Building Long-Term CFO Partnerships from Scope Engagements

Many companies begin with specific project-based CFO work and later discover that the value created justifies transitioning to more comprehensive ongoing arrangements. Starting with scope-based engagements allows companies to evaluate provider quality and fit before making larger commitments, which represents sensible risk management for new relationships. However, the transition from scope-based to ongoing should be planned rather than reactive. After completing initial projects, assess what strategic value the CFO relationship created and whether additional ongoing support would compound those benefits. Companies that treat CFO relationships purely transactionally miss the compound value that comes from having a consistent strategic partner who deeply understands the business. The best CFO relationships evolve from initial project work into ongoing partnerships where the CFO anticipates needs, provides proactive guidance, and becomes a genuine extension of the leadership team rather than an external service provider.

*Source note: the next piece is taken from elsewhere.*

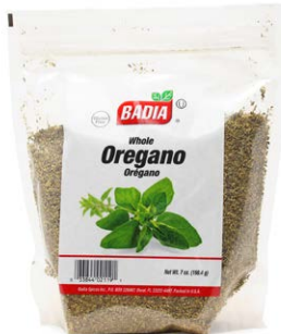
OREGANO WHOLE - 02119 6/7 OZ

Red Flags in Scope-Based CFO Arrangements

Certain warning signs indicate potential problems with scope-based CFO arrangements that companies should watch for during evaluation and engagement. Providers who resist detailed scope documentation or push back on defining specific deliverables may be setting up arrangements where scope becomes whatever they decide it should be. Unwillingness to provide references from similar scope-based engagements suggests limited track record with the model. Vague definitions of what constitutes scope creep or how out-of-scope work will be priced create dangerous ambiguity. Overly aggressive pricing at the low end of quoted ranges may indicate the provider expects to recover margin through scope expansion during the engagement. Providers who resist discussing termination terms or transition support raise questions about what happens when the arrangement needs to end. Watching for these red flags during initial conversations helps companies avoid arrangements that create more problems than they solve.